Re: Xcode Development
Re: Xcode Development
- Subject: Re: Xcode Development
- From: Alex Zavatone <email@hidden>
- Date: Sun, 01 Jul 2012 19:29:18 -0400
On Jul 1, 2012, at 6:53 PM, Crispin Bennett wrote:
> On 02/07/2012, at 7:32 AM, Alex Zavatone wrote:
>> Try finding out how to open a "console only" window.
>>
>> You have to create a tab first. WTF, a tab?
>>
>> Then drag the console into it, then drag the console tab off into a space where it will be its own window.
>>
>> And try resizing it to make it really small. You can't. You're limited by a minimum width of around 640 pixels wide.
>
> Alex, if you're that annoyed by it, *just stop using Xcode* (or at least minimise its use). It surely must be the greatest inhibitor to the development of a decent supra-Apple tools ecosystem that Apple devs are so resistant to non-Apple tools. It's true you need Xcode for a few things (IB, core data, some build stuff). But for daily coding it's rarely necessary. A decent editor + xcodebuild is enough. If you prefer an IDE (I do), use AppCode, which is not perfect, but it's unarguably better than Xcode (inevitably, as JetBrains specialise in developer tools, listen intently to developers, and have as a natural consequence developed superior expertise to that of Apple in that area).
> __
I'll have to check this out. It appears that some references to projects are just based on the project name.
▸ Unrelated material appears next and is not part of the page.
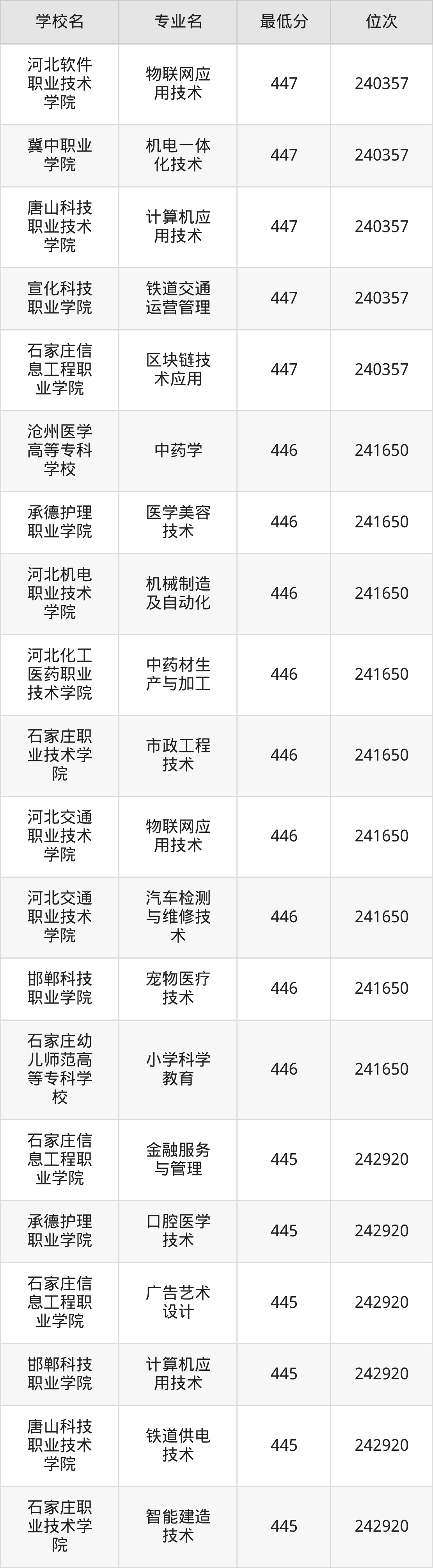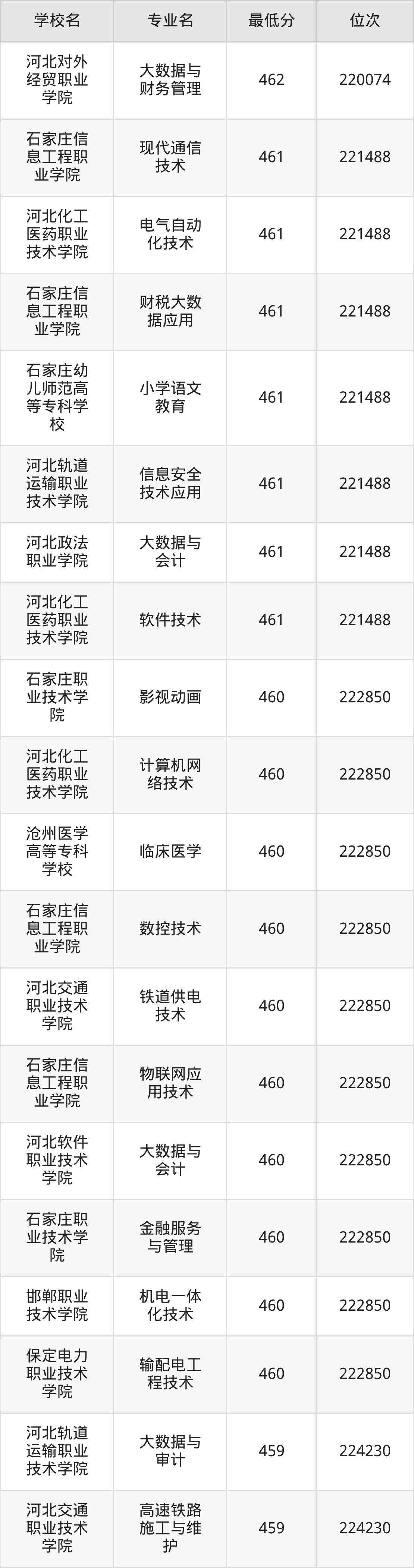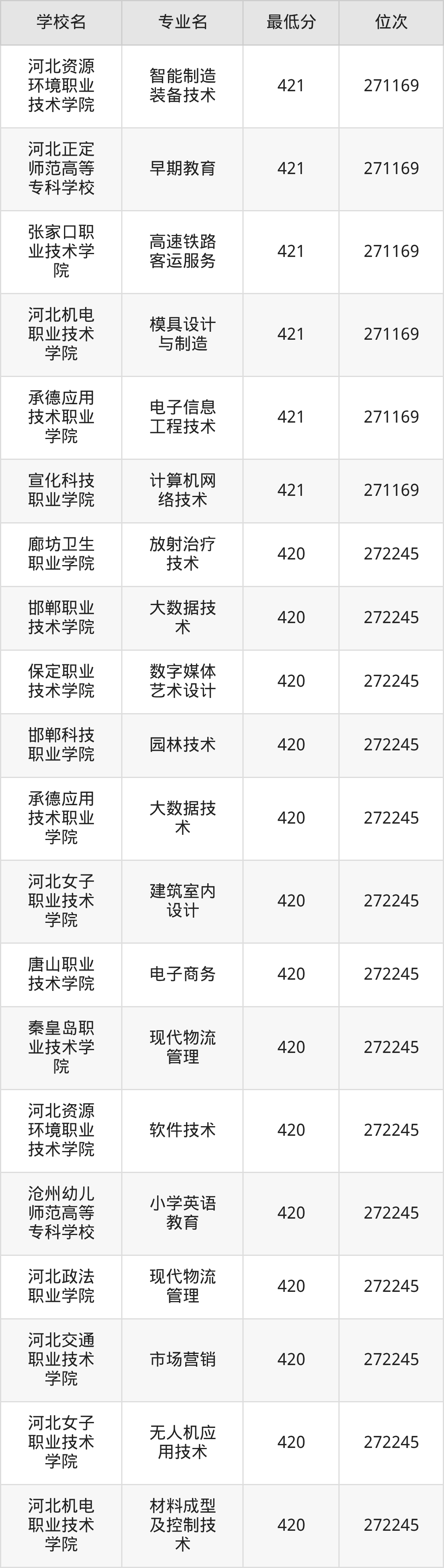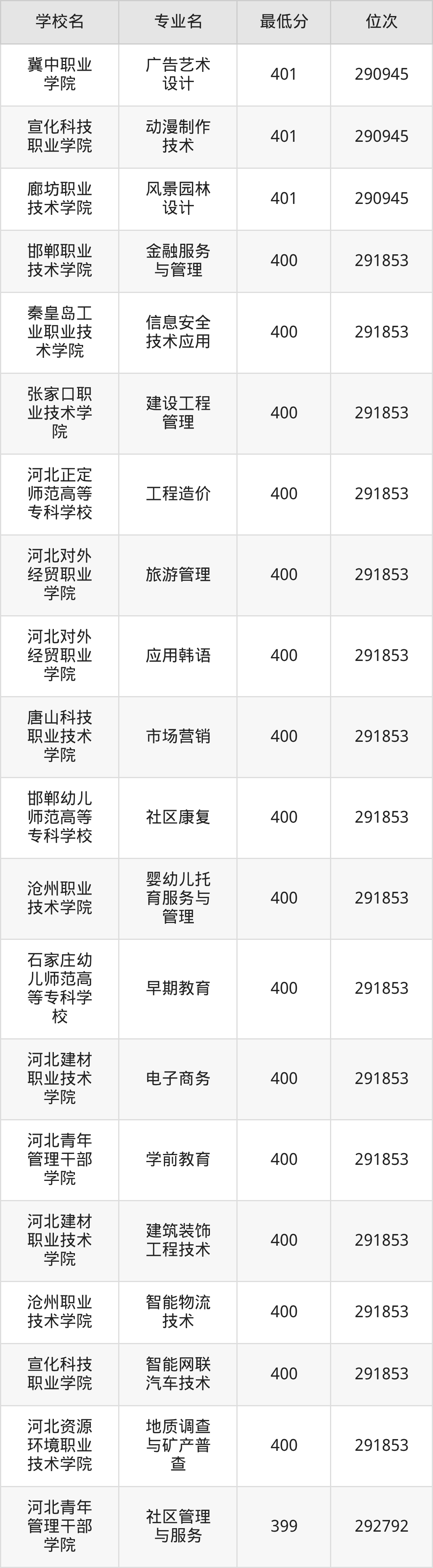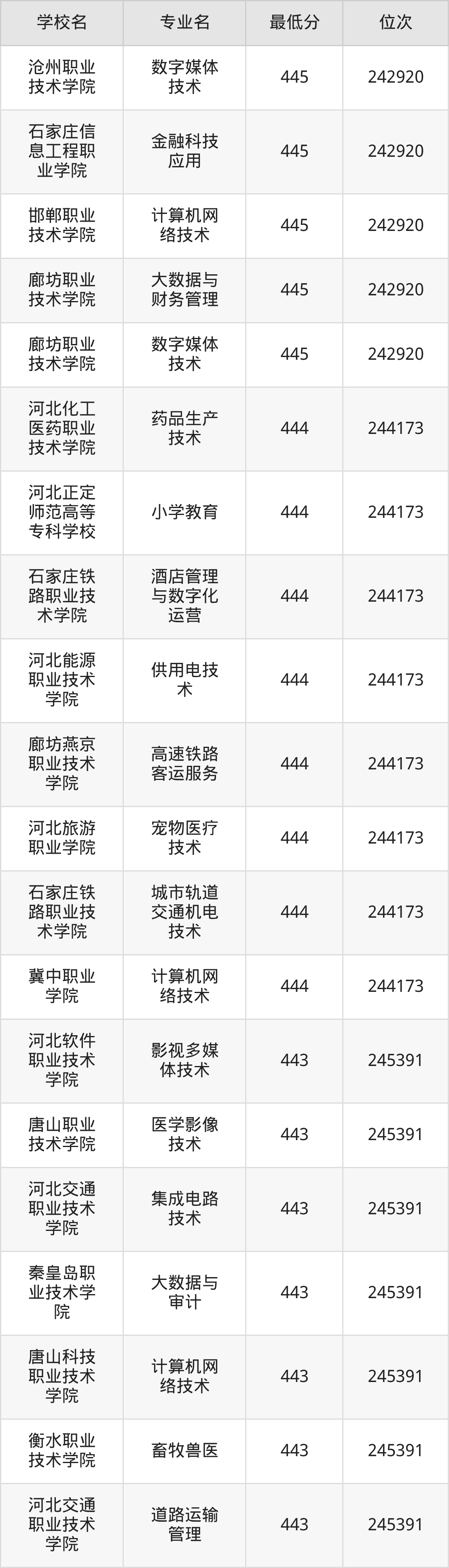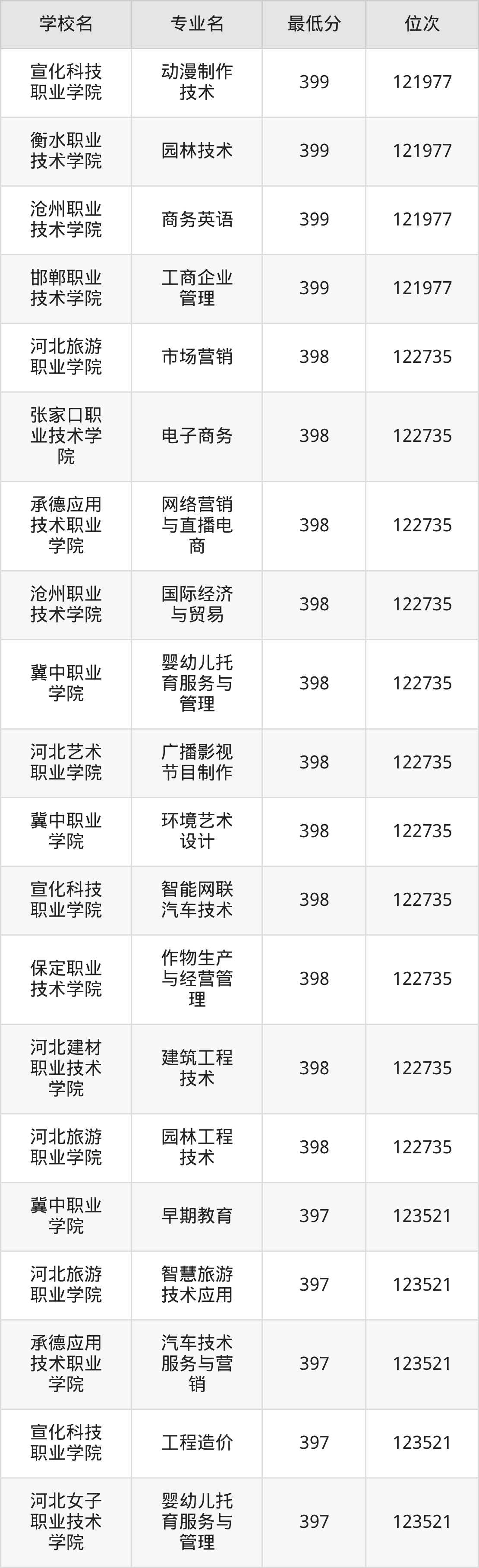 (3)河北建材职业技术学院:2025年公办大专分数线383分到451分,位次区间是305728名到235189名,招生专业有17个,最低为工程造价、最高为机电一体化技术。

Just last week, I was opening an older copy of a project in Xcode and I had a newer copy opened. Some of the actions performed were done against the second copy of the project that I had open while trying to do a build.
Of course, quit and restart worked, but come on.
TL;DR: Xcode gets confused easily if you have two projects open using the same project name.